Primary Outcome Measures:
- Neutralizing antibodies (seropositivity rates and GMTs) to each dengue virus serotype, 30 days after the dengue vaccine booster dose
Secondary Outcome Measures:
- Safety
- Occurrence of solicited adverse events (AE) within 21 days follow-up after the dengue vaccine dose; Occurrence of unsolicited non-serious AEs within 31 days (days 0-30) after the dengue vaccine dose;
- Occurrence of serious adverse events (SAEs) within 31 days (days 0-30) after the dengue vaccine dose;
- Occurrence of alert values for safety laboratory determinations within 31 days after the dengue vaccine dose;
- Occurrence of dengue (suspected or confirmed) that prompted evaluation by a physician after the conclusion of Dengue-003 to the one year follow-up visit, and during Dengue-005, (with clinical outcome);
- Occurrence of hospitalized dengue for five years following the two-dose primary vaccination series;
- Immunogenicity
- Flavivirus immunity before administration of the dengue vaccine dose, assessed as the ratio of DEN IgM:IgG by isotype capture EIA in serum collected at the time of vaccination and 30 days after the dengue vaccine booster dose;
- Tetravalent N antibody, 30 days after the dengue vaccine booster dose;
- Tetravalent N antibody, assessed the day of dengue vaccine booster dose administration;
- Neutralizing antibodies (seropositivity rates and GMT) to each dengue virus serotype, before the dengue vaccine booster dose at Visit 1;
- Presence of dengue viremia 10 days after the dengue vaccine dose;
- Tetravalent N antibody and neutralizing antibodies (seropositivity rates and GMT) to each dengue virus serotype one year after the booster dose.

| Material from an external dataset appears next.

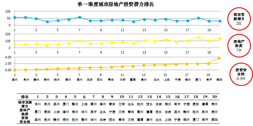 我们从城市发展潜力、房地产市场热度、投资安全性三个单一维度给出城市群各城市排名情况如下图:

Follow-up of Dengue-003 Study (in Dengue-003; 7 Thai children received two doses of dengue vaccine six months apart followed by two doses of JE vaccine. In this study the same children will receive a booster dose approximately one year after the primary vaccination series. A one year safety follow-up after the primary vaccination series and a 4 year safety follow-up after the booster dose (one visit each year for 4 years) will be conducted. Blood samples will be collected before the booster dose and one month and again one year after the booster.